Zum besseren Verständnis habe ich einen Code- Ausschnitt bereitgestellt:


```
import java.awt.*;
import java.awt.event.*;
import javax.swing.*;

class Datenbereich extends JPanel implements ActionListener{
	
	//GUI-Elemente definieren
	//hab ich teilweise gelöscht, da sonst zuviel Text

	static Kontur[] kontur = new Kontur[20];
	static int lfdNr = 0;
	static int indexEndpunkt = 0;
	static int x1, y1, x2, y2;

	public Datenbereich(){ 

	//verschiedene Deklartionen, hab sie gelöscht, da sonst zuviel Text!!!
	}
	
	public void actionPerformed(ActionEvent e){
		
		String befehl = e.getActionCommand();
		String strKontArt = buttongruppe.getSelection().getActionCommand();
		
		if(befehl.equals("Kontur schließen"))
		{
			if(Zeichenbereich.x[0] == Zeichenbereich.x[1] || Zeichenbereich.y[0] == Zeichenbereich.y[1] || Zeichenbereich.n <3 ){
				System.out.println("Kontur unzulässig!");
				
			}
			else{
				
				kontur[lfdNr] = new Kontur(strKontArt, Zeichenbereich.x, Zeichenbereich.y, Zeichenbereich.n);
				kontur[lfdNr].lfdNr = lfdNr;
	
				repaint(); //Hier ist die Stelle an der ich möchte, das paintComponent() aufgerufen wird
				
				//Kontur schließen
				//dazu die eigene überschriebene paint- Fkt aufrufen						
				indexEndpunkt = kontur[lfdNr].anzKnoten - 1;
				x1 = kontur[lfdNr].x[0] * 5;
				y1 = kontur[lfdNr].y[0] * 5;
				x2 = kontur[lfdNr].x[indexEndpunkt] * 5;
				y2 = kontur[lfdNr].y[indexEndpunkt] * 5;
				
				//Zeichenbereich Zähler n nullen
				Zeichenbereich.n = 0;
			}
		}
		if(befehl.equals("Kontur löschen"))
		{
			//Zu tun: Letzte Kontur löschen
			System.out.println("Noch nicht implementiert");
		}
		
		//Zähler Kontur hochzählen
		lfdNr++;
	}
	
	public void paintComponent(Graphics g){

		if(indexEndpunkt > 1){
			Zeichenbereich.KonturSchliessen(g, x1, y1, x2, y2);
		}
		indexEndpunkt = 0;
	}
}
```

Viele Grüße 
Falk


----------



## SlaterB (7. Dez 2007)

und du glaubst, mit Code wie

 x1 = kontur[lfdNr].x[0] * 5; 
            y1 = kontur[lfdNr].y[0] * 5; 
            x2 = kontur[lfdNr].x[indexEndpunkt] * 5; 
            y2 = kontur[lfdNr].y[indexEndpunkt] * 5; 

ist deinem Problem geholfen?
(ich formuliere das so drastisch, damit du die Wichtigkeit entdeckst)

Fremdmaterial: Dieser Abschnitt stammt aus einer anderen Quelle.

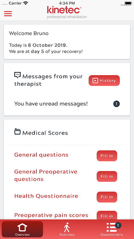 برنامه شما را در طول کل بازیابی ، از طریق فیلم آموزشی واضح و مشاوره در مورد استفاده از Kinetec ، شما را در خانه راهنمایی می کند. شما قادر خواهید بود پیشرفت خود را کنترل کنید و برنامه های خود را برای روزهای آینده مشاهده کنید. پزشک شما قادر به نظارت بر پیشرفت شما خواهد بود و در صورت نیاز پروتکل به روز شده را برای شما ارسال می کند.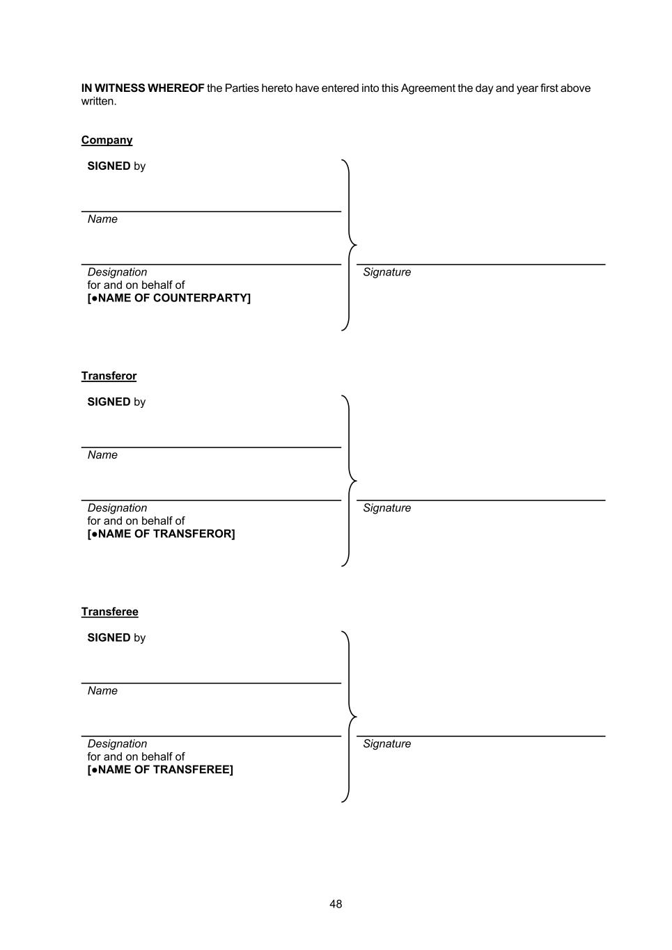 48 IN WITNESS WHEREOF the Parties hereto have entered into this Agreement the day and year first above written. Company SIGNED by Name Designation Signature for and on behalf of [●NAME OF COUNTERPARTY] Transferor SIGNED by Name Designation Signature for and on behalf of [●NAME OF TRANSFEROR] Transferee SIGNED by Name Designation Signature for and on behalf of [●NAME OF TRANSFEREE]

so kann ich das jedenfalls nicht testen und auch nichts erkennen,
nur ein allgemeiner Tipp:

schreibe

System.out.println("gleich kommt repaint");
repaint(); 

+

public void paintComponent(Graphics g){ 
System.out.println("paintComponent");
...
}

---------

wenn beide Meldungen nicht erscheinen, dann liegt es daran,
dass es gar nicht zum repaint()-Aufruf kommt (irgendein if/else)

wenn aber 'gleich kommt repaint' ausgegeben wird und die andere Meldung nicht,
dann wirds interessant, ist es so?


----------



## happy_robot (7. Dez 2007)

ein repaint zeichnet nicht einfach so mal munter drauflos.
du musst vorher ein invalidate() loschicken damit du einen bereich als ungültige darstellung erklärst.


----------



## SlaterB (7. Dez 2007)

da habe ich andere Erfahrungen (falls es nicht um die Millisekunde genau geht)


----------



## Marco13 (8. Dez 2007)

Ein repaint bewirkt ein repaint. (Es geht doch nichts über sprechende Methodennamen). Vielleicht liegt das Problem in der fälschlichen Annahme, dass das paintComponent vom repaint aus aufgerufen wird. Das ist aber NICHT so. Ein repaint ist nur ein Hinweis: ~""Painte mal, sobald sich die Gelegeneheit dafür ergibt"". Es wird also nach dem repaint das "//Kontur schließen "-Zeux ausgeführt, und "irgendwann später" dann auch mal paintComponent. (BTW:Ein invalidate braucht man definitiv NICHT. )


----------



## happy_robot (8. Dez 2007)

Marco13 hat gesagt.:
			
		

> Ein repaint bewirkt ein repaint.


da kann ich aus der praxis sagen daß dies definitiv nicht der fall ist. sonst hätte er doch das problem nicht. 



			
				Marco13 hat gesagt.:
			
		

> ..... und "irgendwann später" dann auch mal paintComponent.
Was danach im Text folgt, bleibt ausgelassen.